The Virginian-Pilot
                             THE VIRGINIAN-PILOT 
              Copyright (c) 1996, Landmark Communications, Inc.

DATE: Wednesday, August 28, 1996            TAG: 9608280438
SECTION: LOCAL                   PAGE: B1   EDITION: FINAL 
SOURCE: BY SCOTT HARPER, STAFF WRITER 
DATELINE: VIRGINIA BEACH                    LENGTH:   70 lines

BEACH DUMPS RECYCLABLE PAPER BUT CITY SAYS NEW AGREEMENT WILL PREVENT A RECURRENCE.

A day after a local TV station showed video of recyclable paper being buried at the city landfill, an official at City Hall said Tuesday the city has reached an agreement to end the embarrassing episode.

``No more material will be going to the landfill,'' said Oral Lambert, the city's chief of staff. ``This starts immediately.''

Lambert said a trash contractor, New England CRInc., will accept and recycle tons of paper goods from drop-off centers at city schools - paper that for at least three days was quietly dumped at the Mount Trashmore II landfill on Centerville Turnpike.

Channel 13 broadcast pictures Monday night of a truckload of used newspaper, cardboard boxes and other paper products being emptied into the ground. Such wastes are supposed to be sorted, baled and sold as fodder for environmentally friendly packaging and recycled paper.

Lambert said he hopes Virginia Beach residents, who historically have been avid recyclers, do not lose faith in the city's recycling program as a result. He called the incident ``a hiatus, a very short-term thing'' that was based on ``a snap decision'' by the city staff.

The troubles that led to the dumping involve city contracts, a desire to be frugal and a roller-coaster market for recycled materials.

Even if defused, as city officials hope, the problem will not likely enhance trust in a city-run recycling program that started July 1 and has been met with complaints of overstuffed drop-off bins and blowing trash.

New England CRInc. and another contractor, Tidewater Fibre Corp., had been handling used paper from Virginia Beach's drop-off centers and schools until the market for used paper dropped like a stone late last year.

Without a profit motive, and with processing costs high, CRInc. asked the city to pay a fee to offset its expenses. Tidewater Fibre, meanwhile, informed the city that it would keep taking materials from drop-off centers but not from schools, which it had no contract for, Lambert explained.
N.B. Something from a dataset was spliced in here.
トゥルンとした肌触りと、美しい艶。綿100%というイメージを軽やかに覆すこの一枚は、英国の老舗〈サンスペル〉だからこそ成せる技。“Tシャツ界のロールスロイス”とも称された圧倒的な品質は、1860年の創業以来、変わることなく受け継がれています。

The city initially balked at the fee request. Also about this time, Virginia Beach withdrew from a regional curbside recycling program run by the Southeastern Public Service Authority, or SPSA.
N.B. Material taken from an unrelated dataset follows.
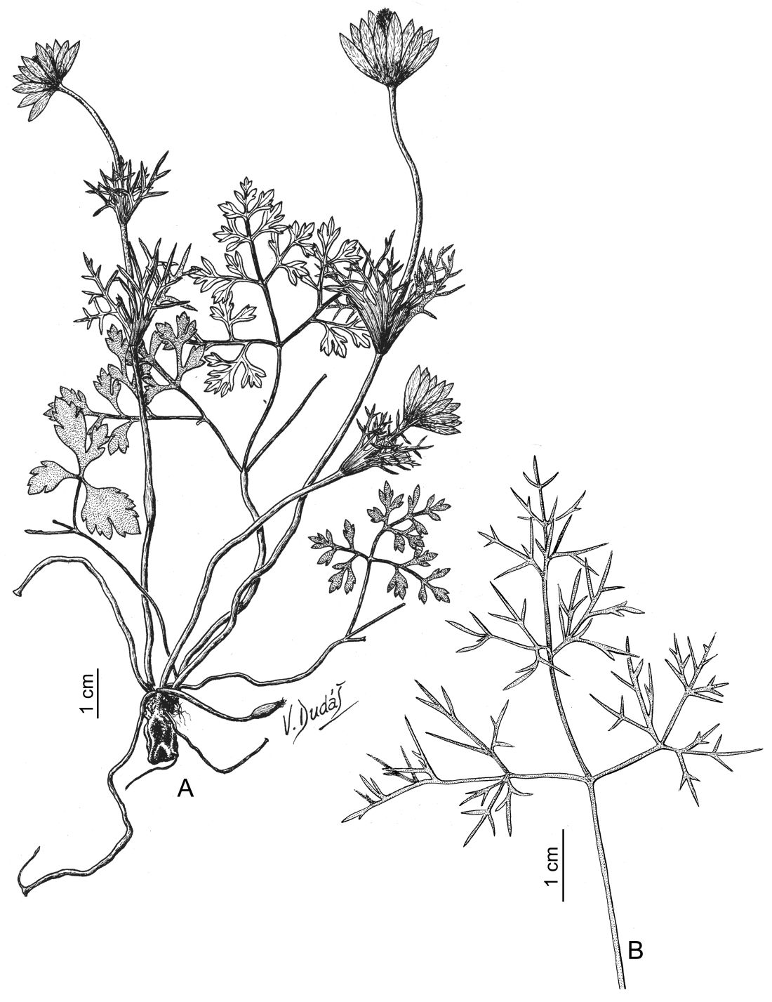 A. Planta. B. Lámina foliar con segmentos profundamente partidos.

As a replacement, the city launched an expanded drop-off program on July 1. The result: a huge increase in old cans, bottles, plastic containers and paper goods remained with the city instead of going to SPSA.

Swamped by the surge of recyclable material, and frustrated for lack of a fee, CRInc. stopped taking paper deliveries last week, Lambert said.

With no place to store its mounds of paper, the city decided to simply dump them in Mount Trashmore II, hoping that markets would soon turn around and contractors would again accept the materials without a city fee, Lambert said.

But the dumping was aired on TV Monday night, and citizens immediately cried foul. So Tuesday, the city contacted CRInc. and said a fee was forthcoming, Lambert said.

He said that the fee would likely amount to ``thousands of dollars'' but that the arrangement would probably be temporary.

``We'll be looking at this on a week-to-week, month-to-month basis,'' Lambert said. MEMO: HOW IT HAPPENED

The market for used paper fell, robbing trash contractors of their

profit motive for collecting it. One cut back, and the other wanted the

city to pay a fee.

Then the city launched an expanded drop-off program after it dropped

out of the SPSA. That meant a huge increase in paper goods remaining

with the city.

Virginia Beach wouldn't pay a fee for collection, so that contractor

stopped collecting.

The city was left with no place to store its paper, so it decided to

dump it in the Mount Trashmore II landfill.